The main objects of the Population Congress would be to apply a stern and rigid policy of sterilization and segregation to that grade of population whose progeny is tainted, or whose inheritance is such that objectionable traits may be transmitted to offspring[;] to give certain dysgenic groups in our population their choice of segregation or sterilization.
6) “I think the greatest sin in the world is bringing children into the world – that have disease from their parents.”
In an 1957 interview with journalist Mike Wallace, Sanger advocated that the greatest evil is a family that chooses to bring children into the world. Sanger, who advocated for a system requiring every American family to submit a request to the government to have a child, told America Weekly in 1934 that it has “become necessary to establish a system of birth permits.”
I think the greatest sin in the world is bringing children into the world – that have disease from their parents, that have no chance in the world to be a human being practically. Delinquents, prisoners, all sorts of things just marked when they’re born. That to me is the greatest sin – that people can – can commit.
7) “I believe that there should be no more babies in starving countries for the next 10 years.”
In a 1947 interview that surfaced via the British Pathe, Sanger described her desire for women to cease completely from having children for 10 years. When asked by reporter John Parsons if such a theory is anti-social, Sanger replied, “On the contrary. It seems to me that it is more practical and humane.”
Reporter: “What about the women who want babies now and in 10 years will not be able to have babies? How impractical, don’t you think?”
Sanger: “Oh, John, you sure ask hard questions. I should think that instead of being impractical, it is really very practical and intelligent and humane.”
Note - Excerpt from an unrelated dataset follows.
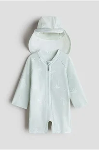 Komplet przeciwsłoneczny w nadruki wykonany z materiału z filtrem UV składający się z kostiumu kąpielowego i czapki z daszkiem. UPF 50. Kostium kąpielowy ma małą stójkę, długie reglanowe rękawy, krótkie nogawki i zapięcie na suwak z osłoną przed otarciem. Czapka z daszkiem i osłoną karku.

Reporter: “But Mrs. Slee, in this country, having babies is the only thing left which is both unrationed and untaxed. Do you think that we really ought to stop?”
Sanger: “Well, I suppose a subject like that is really so personal that it is entirely left to the parent to decide, but from my view, I believe there should be no more babies in starving countries for the next 10 years.”
While the radical ideologies of Planned Parenthood’s founder permeated her writings, the abortion giant’s willingness to profit off the targeted killings of black Americans through abortion is still true today. As documented in a Live Action undercover investigation, the abortion giant is willing to bankroll the destruction of black lives for profit.
Dr. Alveda King, niece of the late Dr. Martin Luther King, Jr., remarked about the error of Planned Parenthood’s abortion-on-demand corporate ideology:
The most obvious practitioner of racism in the United States today is Planned Parenthood, an organization founded by the eugenicist Margaret Sanger and recently documented as ready to accept money to eliminate black babies.